I was recently interviewed by a reporter from Money Magazine about what to do when a family realizes that the “dream school” is unaffordable.
Here’s the lede from the article:
You meant it when you said, “Study hard in high school, and we’ll send you to the best college you get into.” But now you’re looking at the cost of Dream U — and panicking.
I was quoted in a couple places in the article, which also appears on the CNN/Money website.
“Ideally, parents would have the affordability conversation when the child is starting high school so he or she can be realistic,” says Mark Montgomery, a college-admissions adviser in Denver.
And also here:
Make a game plan: “Let’s figure out what our options are.”
Why this works: “You’re getting the family working together as a team” while nudging the child to take responsibility for charting his own future, says Montgomery. Offer help with options that won’t harm the family’s finances, such as applying for more aid, starting out at a lower-cost school, or deferring for a year to allow Junior to work and save.

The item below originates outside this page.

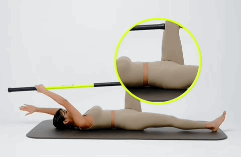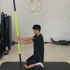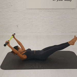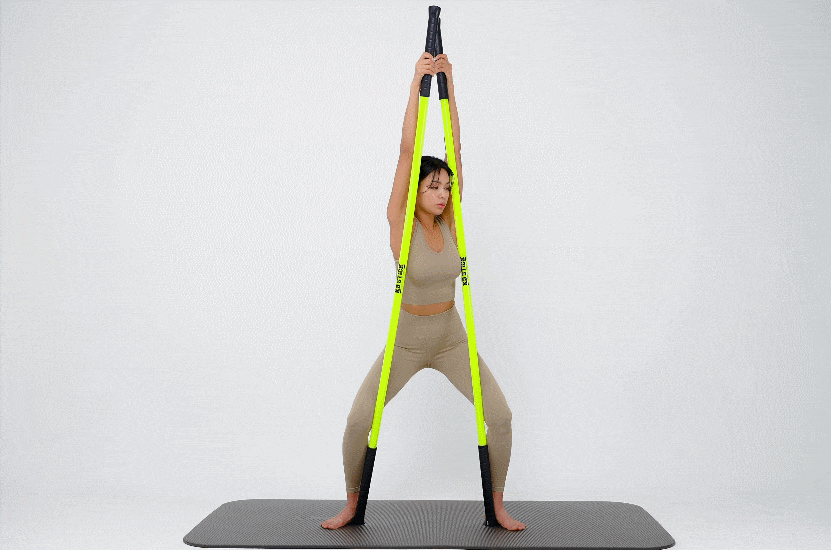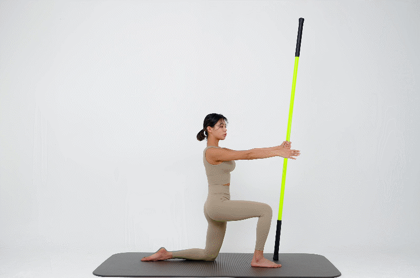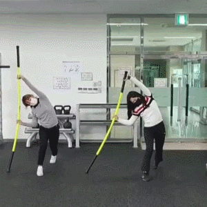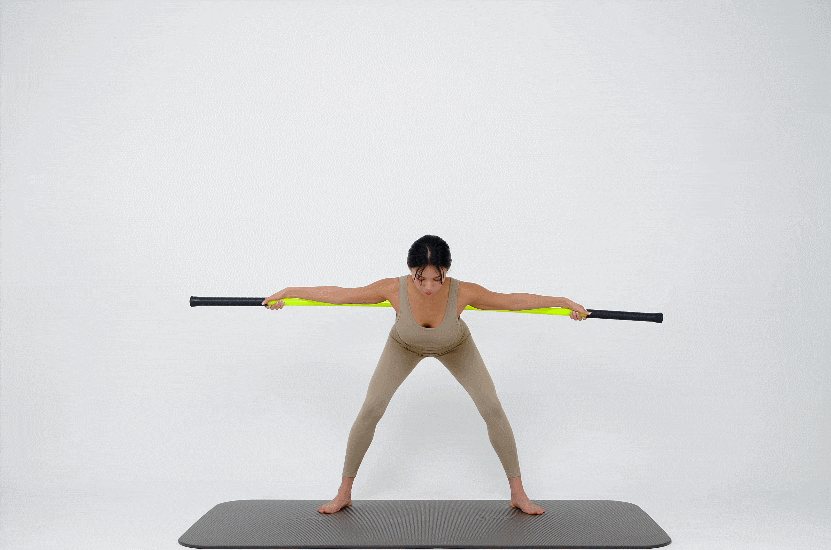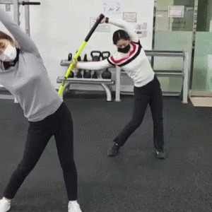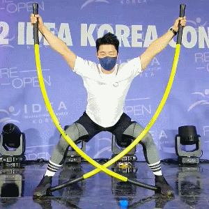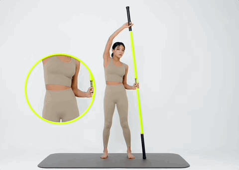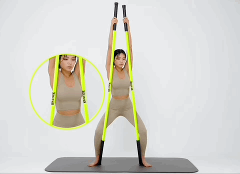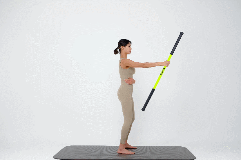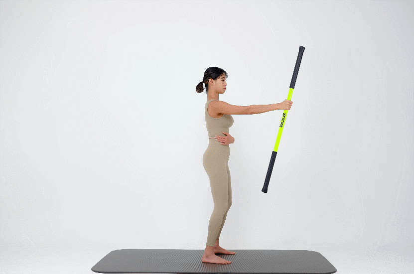 스틱 두개를 양 쪽으로 잡고 윗부분을 잡은 뒤 좌우로 트위스트 해주세요. (라운드 숄더 체형에게 추천해요!)

It was fun to be interviewed for this important article. It’s true that too many families don’t think about financing a higher education before the admissions process starts. In fact, I’ve had a number of phone calls this month from families who are panicked about how to pay for the “dream school” to which Junior has happily been accepted.
Some of the greatest pain I feel as a counselor is when I observe students and families taking on way more debt than they can afford to finance. They mistakenly believe that they are providing their progeny with opportunity; but that huge debt load is more likely to be come the anvil that will weigh the kid down for a lifetime.